About this task:
Beginning with the line that has "石川県金沢市A様から太鼓判を頂きました!" and ending with the line that has "25 balades familiales", retype the entries below exactly, except for the pictures.

Data under study:
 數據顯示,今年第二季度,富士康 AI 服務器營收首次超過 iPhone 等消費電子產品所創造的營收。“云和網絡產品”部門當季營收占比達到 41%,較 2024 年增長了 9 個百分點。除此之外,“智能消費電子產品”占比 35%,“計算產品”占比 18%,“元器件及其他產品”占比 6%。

* * *

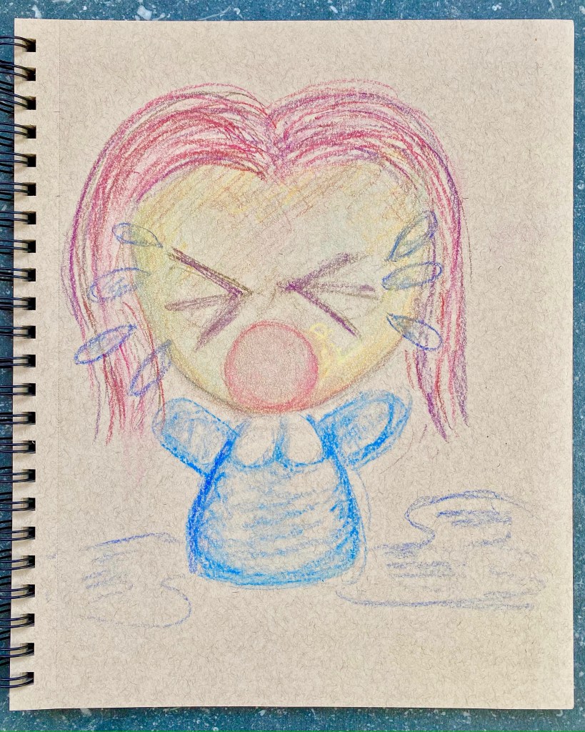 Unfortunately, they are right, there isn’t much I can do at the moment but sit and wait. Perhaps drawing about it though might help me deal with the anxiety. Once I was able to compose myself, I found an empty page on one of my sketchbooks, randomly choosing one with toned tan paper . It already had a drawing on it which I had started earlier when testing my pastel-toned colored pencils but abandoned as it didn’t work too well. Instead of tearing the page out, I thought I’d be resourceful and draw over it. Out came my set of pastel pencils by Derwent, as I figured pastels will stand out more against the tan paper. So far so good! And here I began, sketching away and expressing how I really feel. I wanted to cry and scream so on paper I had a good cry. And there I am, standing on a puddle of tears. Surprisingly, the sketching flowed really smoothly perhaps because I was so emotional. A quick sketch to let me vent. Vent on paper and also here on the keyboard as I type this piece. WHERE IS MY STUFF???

--

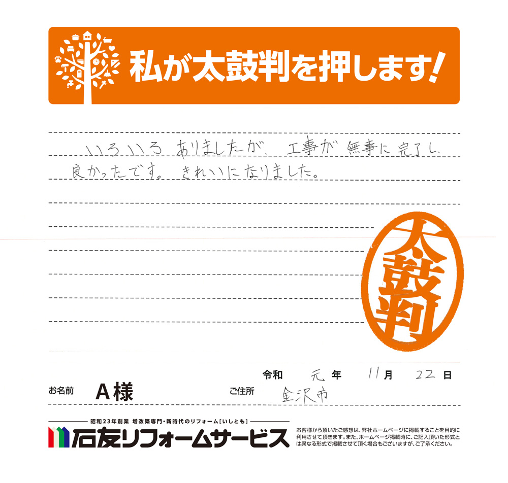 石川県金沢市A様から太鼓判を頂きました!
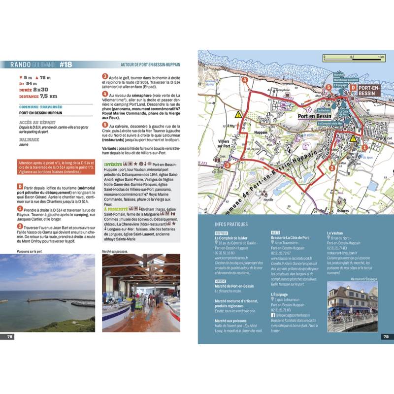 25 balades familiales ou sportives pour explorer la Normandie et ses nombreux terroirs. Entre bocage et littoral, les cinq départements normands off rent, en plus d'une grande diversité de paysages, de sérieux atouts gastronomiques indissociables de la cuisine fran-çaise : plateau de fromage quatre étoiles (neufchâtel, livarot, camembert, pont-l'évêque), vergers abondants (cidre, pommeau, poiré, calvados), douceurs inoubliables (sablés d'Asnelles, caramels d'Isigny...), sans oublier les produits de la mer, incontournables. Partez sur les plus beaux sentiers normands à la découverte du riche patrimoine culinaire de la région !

Exercise response:
 石川県金沢市A様から太鼓判を頂きました!
 25 balades familiales ou sportives pour explorer la Normandie et ses nombreux terroirs. Entre bocage et littoral, les cinq départements normands off rent, en plus d'une grande diversité de paysages, de sérieux atouts gastronomiques indissociables de la cuisine fran-çaise : plateau de fromage quatre étoiles (neufchâtel, livarot, camembert, pont-l'évêque), vergers abondants (cidre, pommeau, poiré, calvados), douceurs inoubliables (sablés d'Asnelles, caramels d'Isigny...), sans oublier les produits de la mer, incontournables. Partez sur les plus beaux sentiers normands à la découverte du riche patrimoine culinaire de la région !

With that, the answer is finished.